Influence of non-statistical properties in nuclear structure on emission of prompt fission neutrons

TL;DR

This paper extends the HF$^3$D model to better understand prompt fission neutron spectra in thermal neutron induced fission of uranium-235, highlighting the influence of nuclear structure properties beyond statistical assumptions.

Contribution

The study introduces a modified model incorporating non-statistical nuclear structure effects, improving the understanding of PFNS discrepancies at higher energies.

Findings

Discrepancies at high neutron energies are linked to primary fragment yields and high spin states.

Non-statistical properties significantly influence prompt neutron emission spectra.

Model sensitivity analysis identifies key nuclear structure factors affecting PFNS.

Abstract

The Hauser-Feshbach Fission Fragment Decay (HF$^3$D) model is extended to calculate the prompt fission neutron spectrum (PFNS) for the thermal neutron induced fission on $^{235}$U, where the evaporated neutrons from all possible fission fragment pairs are aggregated.

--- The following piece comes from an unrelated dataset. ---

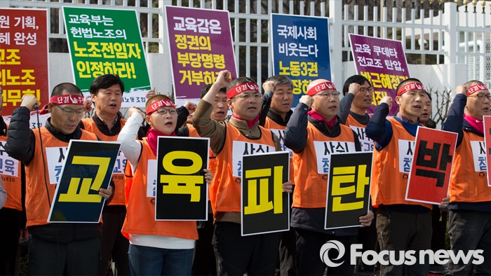 (서울=포커스뉴스) 14일 오후 서울 종로구 정부서울청사 앞에서 전국교직원노동조합 전임자들이 정부의 법외노조 후속조치와 부당탄압에 항의하는 삭발식 후 구호를 외치고 있다.
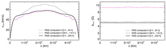 The RMS velocity (left panel) and magnetic field (right panel) fluctuations are plotted as functions of x for the whole simulation time (black solid lines), for the interval h (grey dot-dashed lines) and for the interval 58 h h (magenta dashed lines).

By studying model parameter sensitivities on the calculated PFNS, as well as non-statistical behavior of low-lying discrete level spin distribution, we conclude that discrepancies between the aggregation calculation and the experimental PFNS seen at higher neutron emission energies can be attributed to both the primary fission fragment yield distribution and the possible high spin states that are not predicted by the statistical theory of nuclear structure.